EPILOGUE

NIGHT OF THE MASQUERADE BALL

KAGE

God, she looks divine tonight. Her hair’s pinned high, revealing the delicate line of her collarbones, the very ones I want to trace with my tongue until I reach her sweet, lush lips.

The crimson ball gown clings to her every curve, and my dick strains in the middle of the crowd. I shift my stance, palming myself, desperate to hide what she does to me.

Pathetic? Maybe. But if she noticed, I’d turn her laughter into moans within seconds.

Sadly, I’ve never truly desired sex. For me, it’s always been tied to numbness and dissociation, a body conditioned since I was sixteen to perform but not to feel.

I accepted that long ago. But when I look at her, my cock twitches in my pants.

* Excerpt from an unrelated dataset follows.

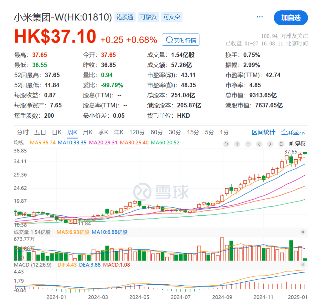 2024年初,小米集团股价为14.9港元 ,而截至12月底,集团股价已攀升至34.5港元,全年涨幅超过100%,远远跑赢恒生科技指数年内18.7%的涨幅。

It’s new. It’s sharp. It gives me hope that sex isn’t only a weapon or a transaction but something more.

More of it. More of her. More of us.

And I’m more than willing to let every pulsing throb remind me she isn’t an empty fantasy. She isn’t a ghost I cling to while I move through another body. She isn’t a dream. She isn’t an illusion. She’s real. And I need her to know that I’m real too.

I watch her as she admires the ballroom that she brought to life, oblivious to me prowling in the crowd, waiting for her to acknowledge my presence.

I wasn’t going to do this, but I had to bring the Phantom back to remind her of what she can’t forget. To remind her of who awakened her desires. Because the truth is, she awakened mine, too.

I want her to notice me, to feel her body stiffen under the chandelier’s lights. To see her fight the pull between us, knowing she can’t forget me any more than I can forget her. I crave that resistance. It proves that what I feel is real.

But then I see it, her gaze is locked on me.

Thank God, because I would hate to have to punish her here.

Those green, doe-like eyes burn through the black and red mask. They carry fire. Vengeance. She's pissed I'm here. I’ve pushed her too far already. I always do.

I’ve watched her, not as a stalker but as someone who cared. I needed to know where she was, who touched her, and if she was safe. Call it obsession. Call it protection. Either way, I won’t let the monster who ruined me touch her.

Because of Volkov, that murdering psychopath, the moment I was ready to tell her who I really was… was utterly shattered. I had made my decision that morning when I saw her with Clint, and I knew I had to do it when Beck took her in his arms and dared to dance with her.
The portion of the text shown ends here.